The expected answer is the set of lines in the data below between the line holding "Celebrate your graduate's" and the line holding "на мокром асфальте.", inclusive, written out exactly.

====== Given data

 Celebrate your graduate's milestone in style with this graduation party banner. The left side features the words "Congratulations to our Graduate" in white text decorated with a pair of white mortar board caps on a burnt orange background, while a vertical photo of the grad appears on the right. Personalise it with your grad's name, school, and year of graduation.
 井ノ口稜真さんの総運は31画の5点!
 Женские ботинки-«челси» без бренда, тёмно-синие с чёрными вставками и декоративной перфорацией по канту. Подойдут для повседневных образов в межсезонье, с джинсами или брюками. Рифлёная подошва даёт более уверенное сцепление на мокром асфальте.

============
====== Given data

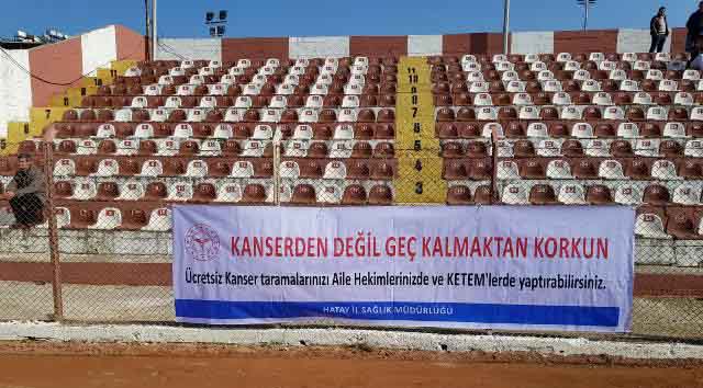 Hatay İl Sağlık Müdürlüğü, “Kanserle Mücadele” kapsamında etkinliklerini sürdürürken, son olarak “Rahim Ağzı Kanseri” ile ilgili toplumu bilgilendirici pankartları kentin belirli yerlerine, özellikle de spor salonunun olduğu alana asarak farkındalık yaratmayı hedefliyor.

============

* [Response to this exercise]:
 Celebrate your graduate's milestone in style with this graduation party banner. The left side features the words "Congratulations to our Graduate" in white text decorated with a pair of white mortar board caps on a burnt orange background, while a vertical photo of the grad appears on the right. Personalise it with your grad's name, school, and year of graduation.
 井ノ口稜真さんの総運は31画の5点!
 Женские ботинки-«челси» без бренда, тёмно-синие с чёрными вставками и декоративной перфорацией по канту. Подойдут для повседневных образов в межсезонье, с джинсами или брюками. Рифлёная подошва даёт более уверенное сцепление на мокром асфальте.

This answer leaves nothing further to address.